EL centenario de la Semana Trágica va a coincidir con la gran migración estival y la puesta del país en standby hasta septiembre, en que todo volverá a ser como antes; es decir, empeorará día tras día, pero comenzará la Liga, el último fin de semana de agosto, y se irá tirando hasta que nos aburramos de las tres gracias galácticas pagadas en plutonio enriquecido y de la interminable despedida de Eto´o. Una historia que ya no vende, la de la semana aquélla, aunque, quién sabe, a lo mejor los dos últimos libros de Francisco Bergasa sobre su tocayo Ferrer Guardia (o Ferrer i Guardia) despiertan el interés del personal en lo que queda de verano, tiempo suficiente para leer, por lo menos, el primero, ¿Quién mató a Ferrer i Guardia?, publicado por Aguilar, un ensayo de casi seiscientas cincuenta páginas que podría resultar conmovedor e incluso apasionante si la época y sus protagonistas todavía significaran algo para el lector, lo que no es tan seguro. La figura de Ferrer Guardia fue una de las más controvertidas en la primera década del pasado siglo. La verdad es que no caía bien a casi nadie, ni siquiera a los anarquistas serios, como admite Bergasa, y es que ya antes de la revuelta de Barcelona se le relacionaba con el terrorismo nihilista, por haber dado empleo a Mateo Morral, el autor del atentado contra Alfonso XIII y la reina Victoria Eugenia, en la calle Mayor de Madrid, el 31 de mayo de 1906. A Ferrer se le veía como una especie de Netchaiev, lo que quizá no era, pero ni Unamuno, que firmaba todos los manifiestos que le ponían delante, movió un dedo por él. Se suele comparar su proceso al de Dreyfus, y tal comparación no se sostiene. La condena de Dreyfus dividió a los franceses y sus consecuencias se hicieron notar todavía en la capitulación de 1940 ante los nazis. La de Ferrer sólo tuvo repercusiones serias en el exterior, eso sí, lo suficientemente graves como para acelerar la caída de Maura, que todo el barullo republicano levantado por la sentencia no habría podido conseguir por sí mismo.

Pero lo curioso, ahora que han pasado cien años, es la insignificancia de aquellos hechos en la memoria del presente. No fue así en la cultura de la transición, para la que el estudio de Joan Connelly Ullman (1968) representaba todavía un hito en la recuperación de la historia escamoteada por el régimen franquista, y que propició un buen número de ediciones de los insensatos escritos pedagógicos de Ferrer. Hubo incluso una película sobre la Semana Trágica, una de las primeras de la democracia, La ciutat cremada (1976), de Antoni Ribas, donde salía Xabier Elorriaga mordisqueando zanahorias, como Bugs Bunny, y Serrat marcándose un tango con una momia. Fueron productos de muy discutible valor y gusto, pero hoy son pura arqueología incomprensible. La memoria histórica prefabricada de la guerra civil ha conseguido reducir todo lo anterior a una tabla rasa barnizada por la amnesia.

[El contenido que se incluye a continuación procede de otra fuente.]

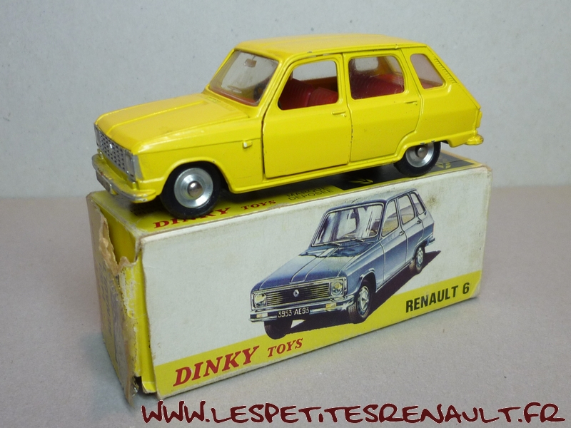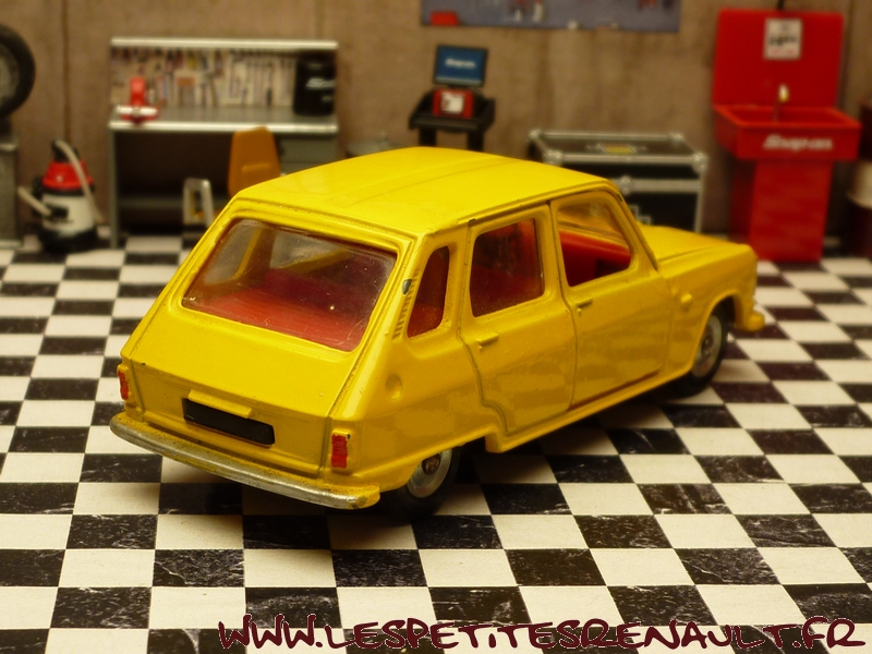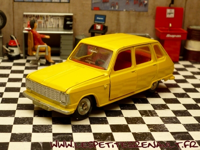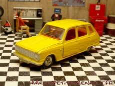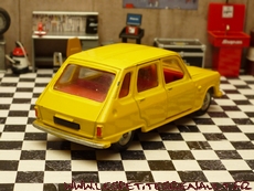 Modèle : Renault 6 phase 2 Année : 1974 Couleur : Jaune Echelle : 1/43 Fabricant : Dinky Toys Référence : 1416 Collection : Non Matière : Zamak, châssis plastique Série limitée : Non Boitage : Boite carton Commentaires : Production Dinky Toys Spain. Clignotants avant mal positionnés (devraient être dans le pare-chocs) |

Un joven escritor nacionalista catalán, Enric Vila, afirma que hay crímenes que Cataluña no puede perdonar (¿a quien?), como los fusilamientos de Carrasco i Formiguera y de Lluís Companys. De Ferrer Guardia no dice nada, como si no hubiera existido. Y es que la memoria histórica no es más que un cuento de brujas que los socialistas han usado contra el PP y los nacionalistas como Enric Vila contra el PSOE, configurando las dos únicas identidades de curso legal en la progresía (el resto es franquismo). El resultado es que, no sólo la Historia de España, sino de la propia Barcelona se disgrega en torno al raigón cainita de una guerra civil imaginaria.